Scotto: I spoke to Mike Brown recently when he was in town. He felt Jordi Fernandez would get a head coaching job, and he expected to lose him this summer for the Kings. It seemed like he was on that path after his work with the Canadian National Team. In the annual NBA GM survey, he was voted the best assistant coach in the league.
Lewis: The search started a while ago, over a month ago, and probably closer to six or seven weeks ago. It was pretty exhaustive, which is something I think they needed to do after Kevin Ollie, Jacque Vaughn, and Steve Nash. I think they needed to go back to searching far and wide and not just for lack of a better term settling.

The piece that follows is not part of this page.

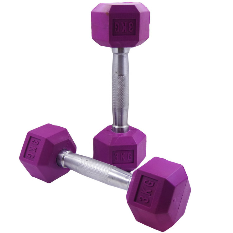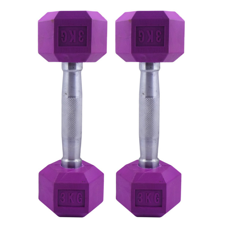دمبل 6 ضلعی معرفی شده در این بخش با وزن کل 6 کیلوگرم (هر کدام 3 کیلوگرم) از وزنه چدنی در طرفین و میله وسط آهنی با روکش نقره ساخته شده است. بر روی وزنه چدنی روکش لاستیکی نرم قرار گرفته است.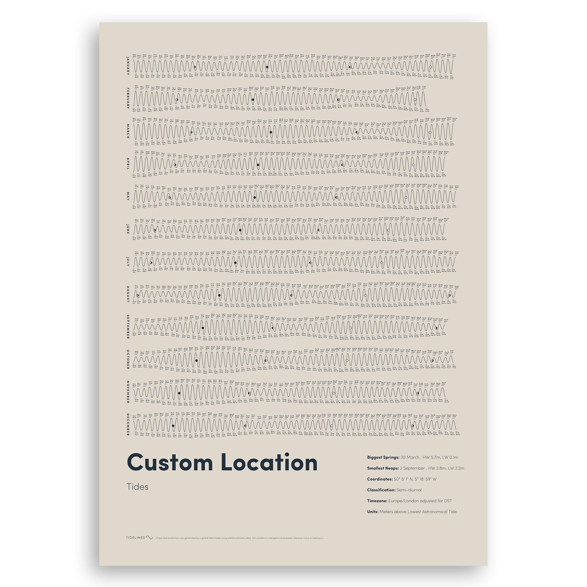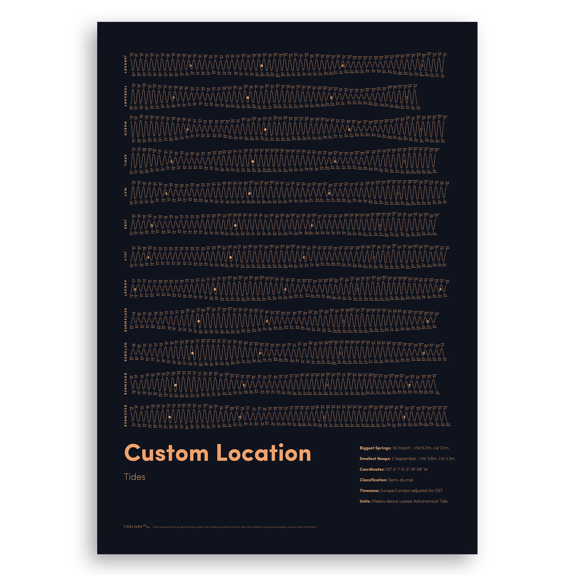 Design a custom tide poster for anywhere in the world.

The guy who had been the most successful of the lot was Kenny Atkinson, which was the last exhaustive search they had. I think Jordi has a lot of Atkinson traits. He’s a guy who, for lack of a better term, is a gym rat of a coach. All that talk we used to hear about Nets culture – it was like a drinking game – Nets culture this and that. A lot of that culture went out the door when they fired Atkinson. I think Jordi is the kind of guy who can bring some of that same culture back.

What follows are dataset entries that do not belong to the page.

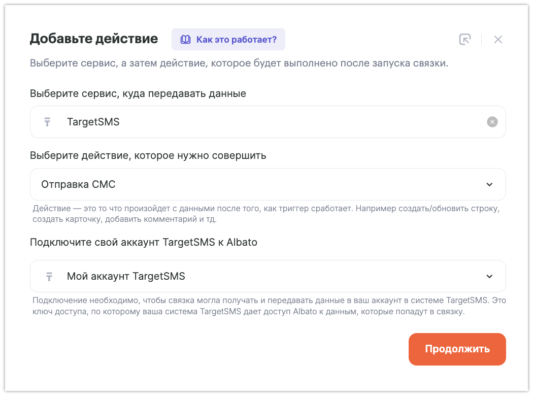 Далее добавляем шаг с действием — TargetSMS: отправить сообщение: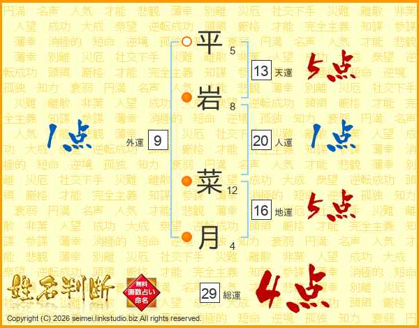 平岩菜月さんの総運は29画の4点!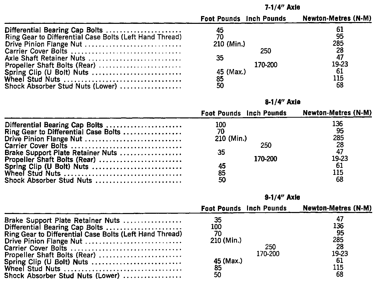 REAR AXLE ASSEMBLY 7-1/4 IN, 8-1/4 IN, AND 9-1/4 IN,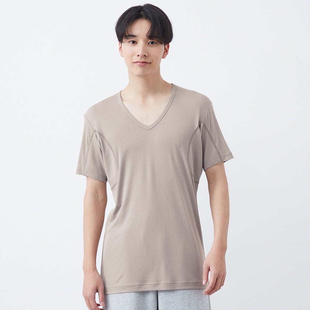 薄手のやわらかな綿レーヨン混に吸水速乾機能で暑い日でもサラッと快適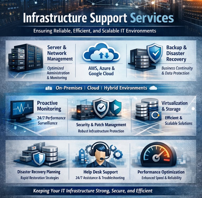 A reliable and high-performing IT infrastructure is the backbone of any successful organization. Our Infrastructure Support Services are designed to ensure your systems, networks, and platforms operate efficiently, securely, and without disruption. We provide comprehensive support solutions that enhance performance, improve reliability, and enable your business to scale with confidence.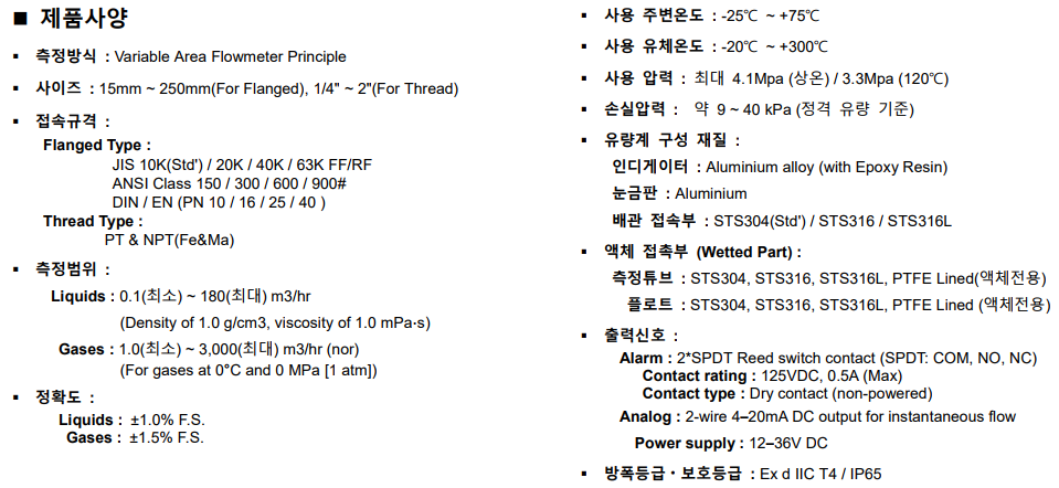 ✔ ±1.5% F.S. 수준의 정확도와 10:1 유량 범위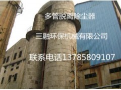 多管脱硫除尘器系干法除尘、湿法脱硫的组合设备,干法除尘部分采用厚釉质的陶瓷旋风子,耐磨损。含尘气体沿切线分散进入旋风体内,烟尘在离心力的作用下,尘粒与气体分离,尘落到集灰箱内,经卸灰阀排出,净化后的烟气经排烟管道进入二级脱硫。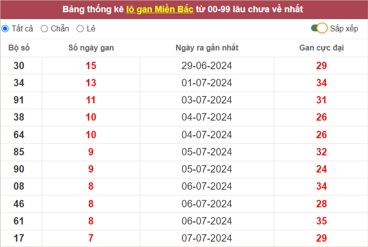 ⭐️ Lô gan miền Bắc lâu ra nhất: 30 – 34 – 91 – 38 – 64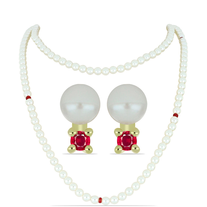 Set din Argint 925 Placat cu Aur ( 0.95 grame ) cu Perlă de Apă Dulce Albă și Rubin Malagasy 176.58 Carate ( Colier+Cercei )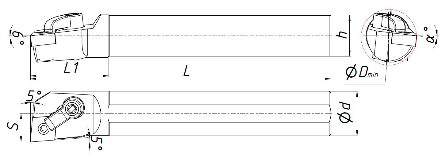 Державка токарная для внутренней обработки по металлу со сменными пластинами. Крепление типа M (прижим клин-прихватом сверху). С углом в плане 95°. Предназначена для растачивания отверстий и обработки торца. Державка совместима с пластинами CN**1204**.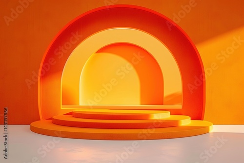 Obraz premium Bright orange and yellow semi-circular layered stage with soft shadows and...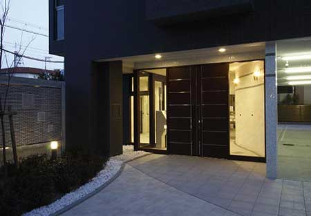 一つの敷地にワンルーム賃貸マンションを3連棟で建築した当社開発物件です。 阪急京都線の車内から見えるこちらの物件は、白と黒のツートンカラーでとても印象に残ります。 入居者の方が帰ってきたくなるようなマンションとするよう、エントランスにもこだわって作っています。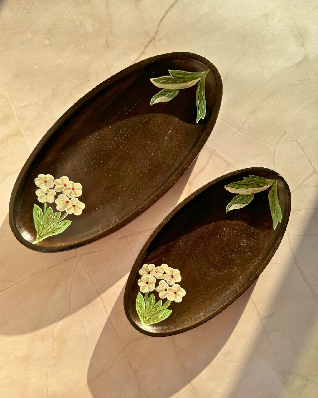 Experience the elegance of nature captured through hand-painted designs on everyday objects. This set of two oval-shaped platters, crafted from mango wood.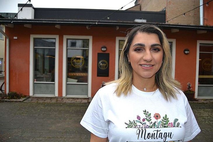 - Jag känner mig hemma i Växjö. Det är en stad som växer och vi tycker att det är lugnt och skönt här, säger Marjan Attarian som bland annat serverar persiskt svart te på Montagu Sandwich Café. Foto: Hans Nilsson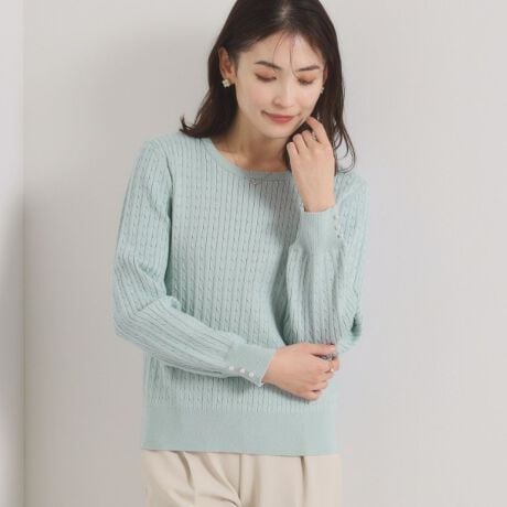 ミニケーブル柄ですっきりきれいめに着られるデザイン。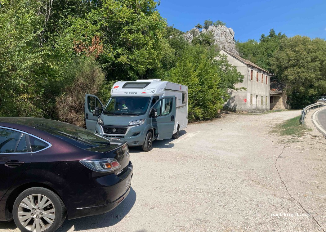 Large parking lot for camper vans for a visit to the Klis Fortress near Split! Due to the size of our camper van (741 cm) there were hardly any parking spaces at the fortress! From this parking lot there was a hiking trail (approx. 20 minutes) with beautiful views of the castle!
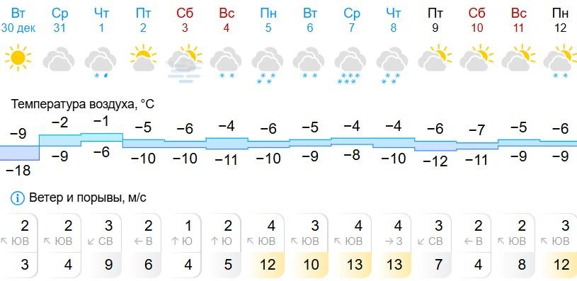 Согласно данным Gismeteo, 31 декабря и 1 января температура воздуха составит от -1 до -2 градусов. Ожидается снег, возможно мокрый, при слабом ветре 2-4 м/с. Первая неделя января также не принесет сильных морозов: средние температуры будут находиться в диапазоне от -4 до -6 градусов. Однако возможны снегопады и порывы ветра до 13 м/с. После 10 января прогнозируется похолодание до -7 градусов, которое сохранится до конца каникул.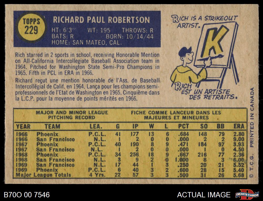 1970 O-Pee-Chee #229 Rich Robertson 7.5 - NM+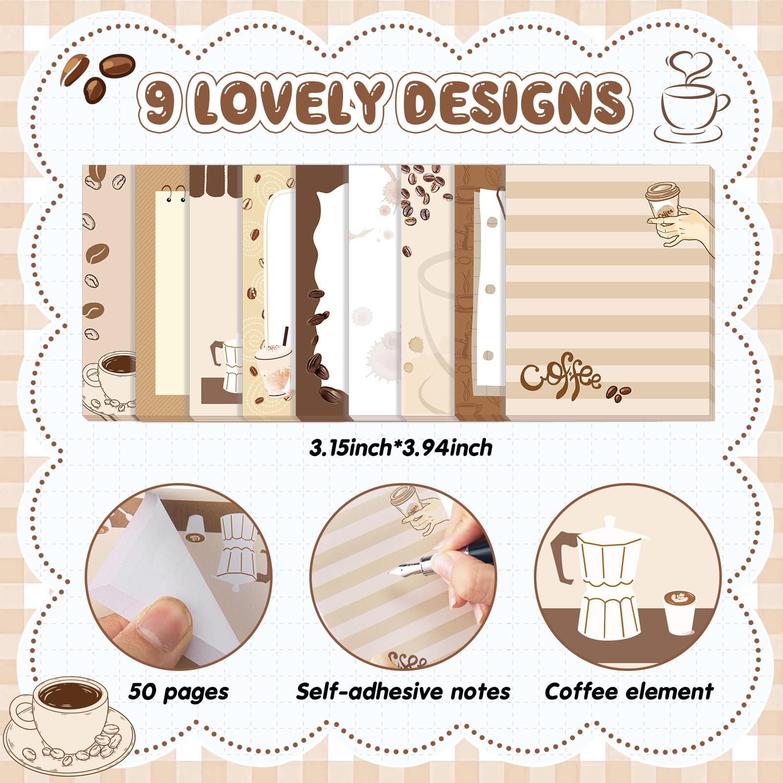 What You Will Receive: the package contains 9 pieces of coffee cute sticky notes in 9 different designs, 50 sheets for each pad, the abundant quantity and interesting design can meet your daily use and replacement needs, which you can share with your friends and colleagues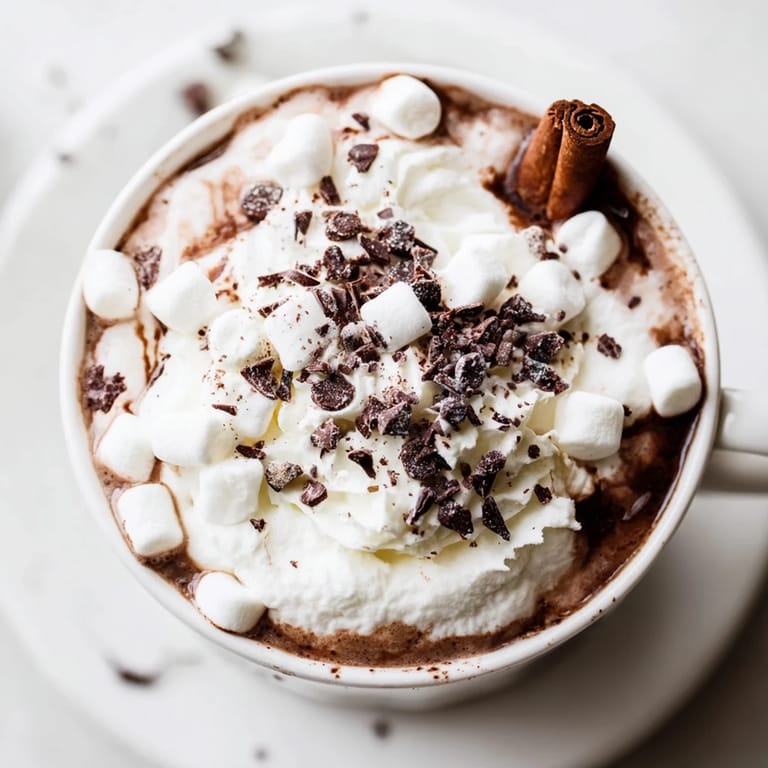 - In a medium saucepan over medium heat, combine milk, heavy cream, chocolate chips, cocoa powder, sugar, vanilla, and salt. Whisk until chocolate is melted and the mixture is smooth and steaming (do not boil). Remove from heat and keep warm.

It was a wide search. Mike Budenholzer was part of that, but from what I’m led to believe, his contract demands were rather high. A lot of money for a lot of years. The numbers I’ve heard that I can’t share are probably beyond even my wildest expectations.
Scotto: If I give you a number, can you say over or under?
Lewis: Sure.
Scotto: $8 million?
Lewis: Over.
Scotto: $15 million?
Lewis: No. I hadn’t heard that. You’re talking a lot of money and a whole lot of years. I can understand why when you’re not a team that’s going to win a title next year where you might want to say all the general managers voted him (Fernandez) the best assistant coach in the league, he’s fast-rising, he’s hard-working and has an ability to connect with the players while being hard-driving but not abrasive, which was something Budenholzer was accused of being.

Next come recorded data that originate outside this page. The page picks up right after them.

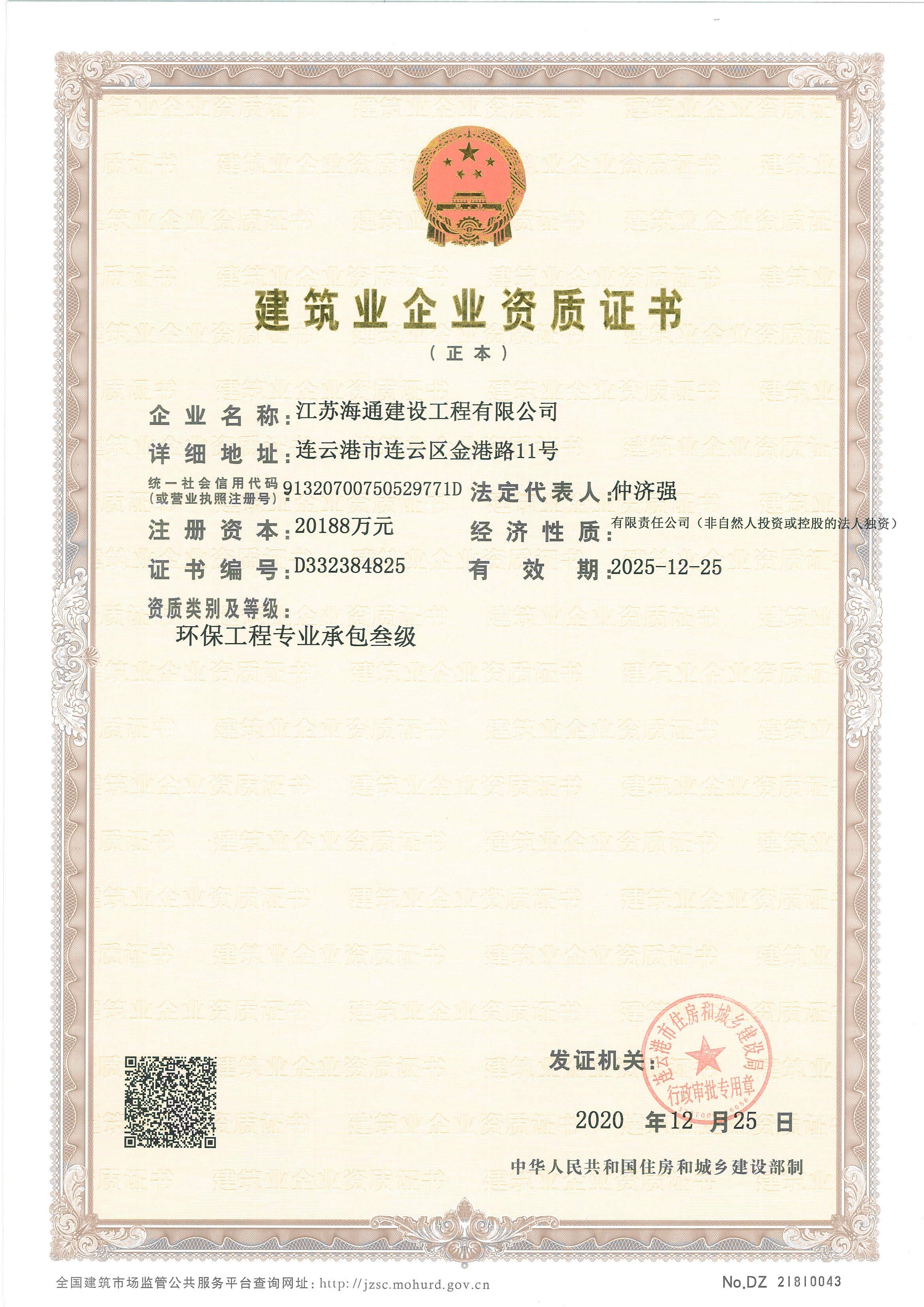 近日,江苏海建公司顺利通过连云港市住房和城乡建设局对公司资质增项申请的审查,成功获取了环保工程专业承包叁级资质证书。
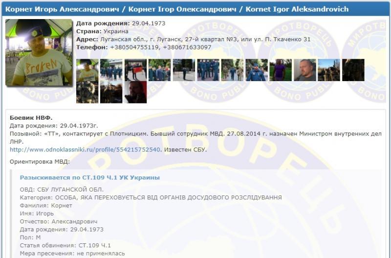В феврале 2015 года Служба безопасности Украины объявила Корнета в розыск за создание террористической группировки, посягательство на территориальную целостность страны и преступные действия с целью свержения конституционного строя.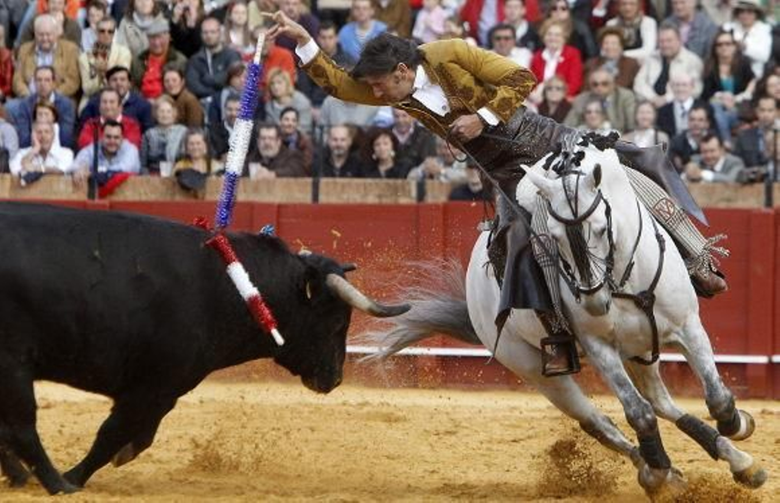 El maestro Ángel Peralta perseguía ayer con su mirada a los caballos y los rejoneadores en la gélida tarde sevillana, que como frío acero, hundió un rejonazo a los ánimos de los espectadores de la Maestranza. De principio a fin, el genio del rejoneo vivió un espectáculo con Cartagena, Ventura y Hernández que no llegó a romper, ni siquiera en un epílogo que culminó con la suerte de la rosa. Me contaba cierto día el Centauro de la Puebla como nació esta suerte: "En una corrida en Sevilla, una mujer muy bella, que se asustó cuando el toro estuvo a punto de cogerme, arrojó una flor para hacerme el quite. Era una rosa que cayó en la arena, entre el toro y yo, una rosa que llevaba clavada en el pecho. Entonces yo me tiré del caballo, até la flor a una banderilla corta y le brindé la suerte: "-¡Para que no se asusten/ en la plaza las hermosas,/ a los toros las heridas/ se las cubriré de rosas!". Brindis poético de un genio de la tauromaquia. Por contra, lo sucedido ayer en el ruedo de la Maestranza fue prosa en una tarde en la que alguien pareció robarnos la primavera. Porque un viento frío pareció adueñarse de todo lo acontecido; cuando estos festejos de rejones suelen decantarse por la brisa del triunfalismo. Por eso, el que la terna compuesta por Andy Cartagena, Diego Ventura y Leonardo Hernández se marchara de vacío es noticia relevante. La corrida de San Mateo-San Pelayo, con escaso fondo, peticiones no abrumadoras y desaciertos en la suerte suprema fueron determinantes para la ausencia de trofeos.

Scotto: Mike Budenholzer was the best-known name for his accolades. I heard Joe Tsai liked Budenholzer as a potential candidate because of his championship pedigree. Sources close to Budenholzer told me he’s open to coaching in a big market, and Brooklyn was within a big market, so it fit that and made sense from that perspective, even though the Nets are not ready to be a championship contender immediately.
While Budenholzer may have been in the finalist grouping, I don’t think he was as high, to my understanding, as Fernandez and Kevin Young, who was an associate head coach with Phoenix. Young coached Mikal Bridges and Cam Johnson in Phoenix.
At the end of the season media availability, Mikal talked about the success he had in Brooklyn after the trade was based on them running stuff for him, similar to Phoenix, where Young was the offensive coordinator. Neither Mikal nor Johnson publicly wanted to comment on the coaching search, but I’m told both players had good things to say about Young during their time with the Suns behind the scenes. I certainly think he would’ve gotten a vote of confidence from those guys had he gotten the job.
For Young, it was the quality of life, being closer to home, the money, and years at BYU.
I think the guy who was a little underplayed here in terms of where he was as a potential finalist is James Borrego, who’s with New Orleans right now. I heard Sean Marks, and he chatted when the Pelicans were in town, according to league sources. He’s been instrumental behind the scenes helping Willie Green on the Pelicans this season. I see Borrego inching his way back to becoming a head coach again.
Some people have asked me if this is a signal that they’re going to rebuild and what this hire means. You made a great point about the Atkinson comparison. For Fernandez, they have young guys on this roster they have to develop, whether it’s Cam Thomas, if Nic Claxton comes back, you’ve got Noah Clowney, etc. They think he can do that. Defensively, where this team underwhelmed, given the talent that it had and switchability, he’s supposed to help in that department.
Lewis: Kings players call him their defensive coordinator, so that’s his specialty. I’d second your comments that the Nets underachieved on that end of the court. It’s incomprehensible to me – and I know Ben Simmons didn’t play, and he’s their most accomplished defensive player – but when you have this many guys that are supposed to be above-average to good defenders with these kinds of wingspans, and you can’t stop anybody, it’s a concern. I think he’ll help on that end of the court.
I’d caution against saying hiring an assistant equals a rebuild. I’m not sure that all assistants are created equal. I think when you have someone like Fernandez, there’s probably a happy medium. I don’t think when you have a guy like him it necessarily signals a tear-down rebuild. I think it signals probably a slow burn.